Dataset records:
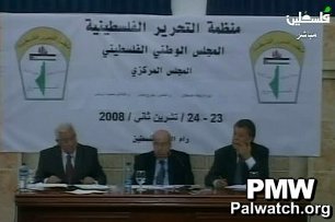 Two maps including all of Israel displayed under the Palestinian flag, symbolizing Palestinian sovereignty over the land. This image is from a PLO central committee meeting in 2008. PA Chairman Mahmoud Abbas is sittnig on the left.
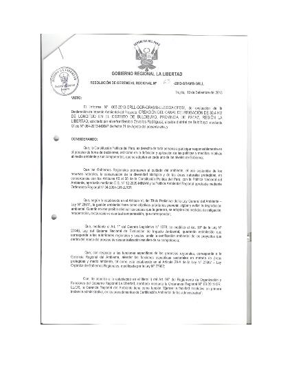 Evaluación de la Declaración de Impacto Ambiental del Proyecto: CREACIÓN DEL CANAL DE IRRIGACIÓN DE 30,4 KM DE LONGITUD EN EL DISTRITO DE BULDIBUYO, PROVINCIA DE PATAZ-REGION LA LIEBRTAD.
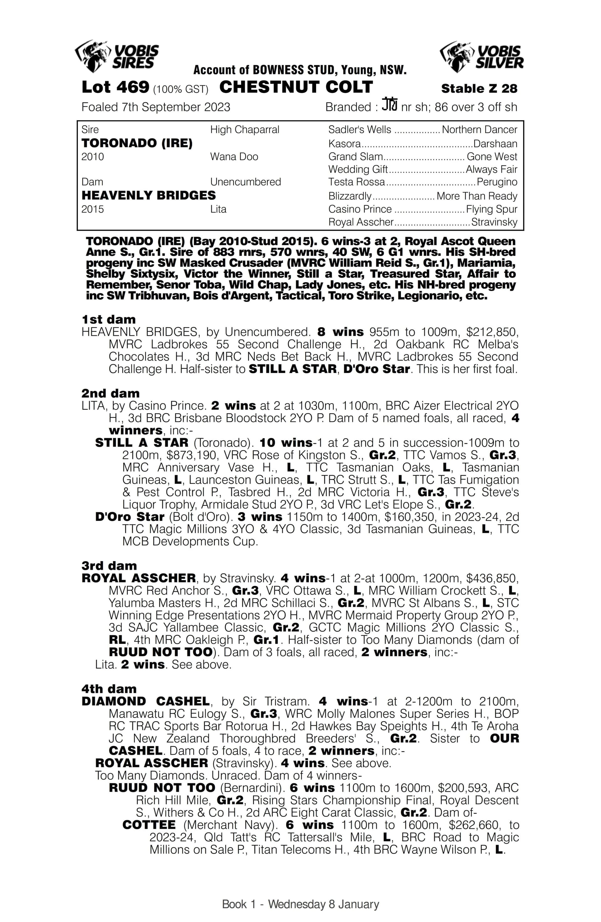 By top class stallion TORONADO ($88,000 service fee) – 80 stakes performers from 7 crops to race including Group 1 winners like MASKED CRUSADER, MARIAMIA & BOIS D’ARGENT, etc
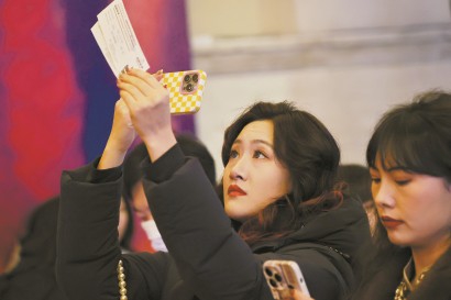 一名观众拍摄电影票以作纪念。 均 本报记者 赖鑫琳 摄
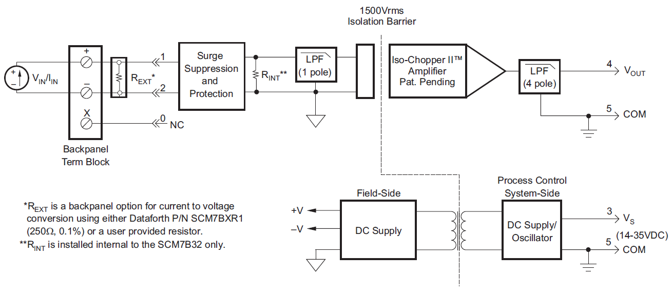 After the initial field-side filtering (conversion-SCM7B32 only), the input signal is chopped by a proprietary chopper circuit and transferred across the transformer isolation barrier, suppressing transmission of common mode spikes and surges. The signal is then reconstructed and filtered for process control system output.
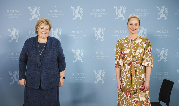 Statsminister Erna Solberg og daglig leder i Talent Norge, Maria Mediaas Jørstad. Foto: Caroline Roka
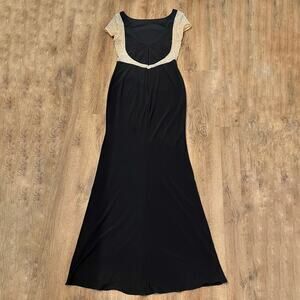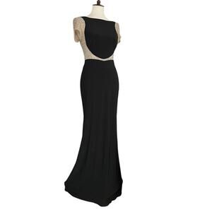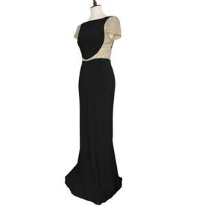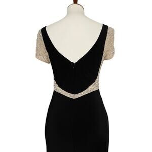 Xscape Black Short Sleeve Beaded Illusion Mesh & Jersey Gown Size 2 Cocktail

→ **Your task**
Give the data again exactly as it stands, apart from the pictures.

→ **Exercise result**
 Two maps including all of Israel displayed under the Palestinian flag, symbolizing Palestinian sovereignty over the land. This image is from a PLO central committee meeting in 2008. PA Chairman Mahmoud Abbas is sittnig on the left.
 Evaluación de la Declaración de Impacto Ambiental del Proyecto: CREACIÓN DEL CANAL DE IRRIGACIÓN DE 30,4 KM DE LONGITUD EN EL DISTRITO DE BULDIBUYO, PROVINCIA DE PATAZ-REGION LA LIEBRTAD.
 By top class stallion TORONADO ($88,000 service fee) – 80 stakes performers from 7 crops to race including Group 1 winners like MASKED CRUSADER, MARIAMIA & BOIS D’ARGENT, etc
 一名观众拍摄电影票以作纪念。 均 本报记者 赖鑫琳 摄
 After the initial field-side filtering (conversion-SCM7B32 only), the input signal is chopped by a proprietary chopper circuit and transferred across the transformer isolation barrier, suppressing transmission of common mode spikes and surges. The signal is then reconstructed and filtered for process control system output.
 Statsminister Erna Solberg og daglig leder i Talent Norge, Maria Mediaas Jørstad. Foto: Caroline Roka
 Xscape Black Short Sleeve Beaded Illusion Mesh & Jersey Gown Size 2 Cocktail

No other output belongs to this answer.